Wei Dai comments on AI indifference through utility manipulation

Wei Dai 16 Oct 2011 21:50 UTC
4 points
0
Putting aside the question of which way to implement “indifference” is better, the main reason I came up with this alternative was that I was having trouble understanding what your modified AI would do, until I realized that it would essentially act as if it believed that the measurement would come out 0 with probability 1.

Given this, I think a modified AI in your explosives example would not actually do D-H. Suppose it believes that the measurement will certainly come out 0 and therefore no explosion will occur, it would still want to avoid alarming the observer since he or she may have other ways of shutting down the AI (for example by calling someone in charge of the power plant, or pushing another button it doesn’t know about). I think such an AI would still appear totally cooperative until it has manipulated humans into giving it so much power and survivability that it can survive all possible human countermeasures and win any conflict with close to certainty. The fact that it would fail to take into account the explosives in this calculation seems to make little difference to the eventual outcome.

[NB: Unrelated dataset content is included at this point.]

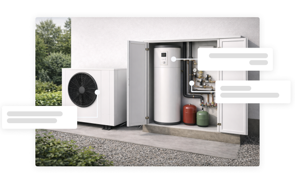 Wärmepumpe, Speicher, Regelung, Hydraulik und Zubehör - ein Heizsystem ist ein komplexes Zusammenspiel. Der Set Builder dimensioniert und konfiguriert automatisch.

- Stuart_Armstrong 17 Oct 2011 11:50 UTC
  0 points
  0
  Parent
  
  I realized that it would essentially act as if it believed that the measurement would come out 0 with probability 1.
  
  Yes.
  
  The fact that it would fail to take into account the explosives in this calculation seems to make little difference to the eventual outcome.
  
  Little difference—but maybe some. Maybe it will neutralise all the other countermeasures first, giving us time? Anyways, the explosive example wasn’t ideal; we can probably do better. And we can use indifference for other things, such as making an oracle indifferent to the content of its answers (pipe the answer though a channel that has a quantum process that deletes it with tiny probability). These seems many things we can use it for.
  - Wei Dai 18 Oct 2011 0:15 UTC
    0 points
    0
    Parent
    Ok, I don’t disagree with what you write here. It does seem like a potentially useful idea to keep in mind.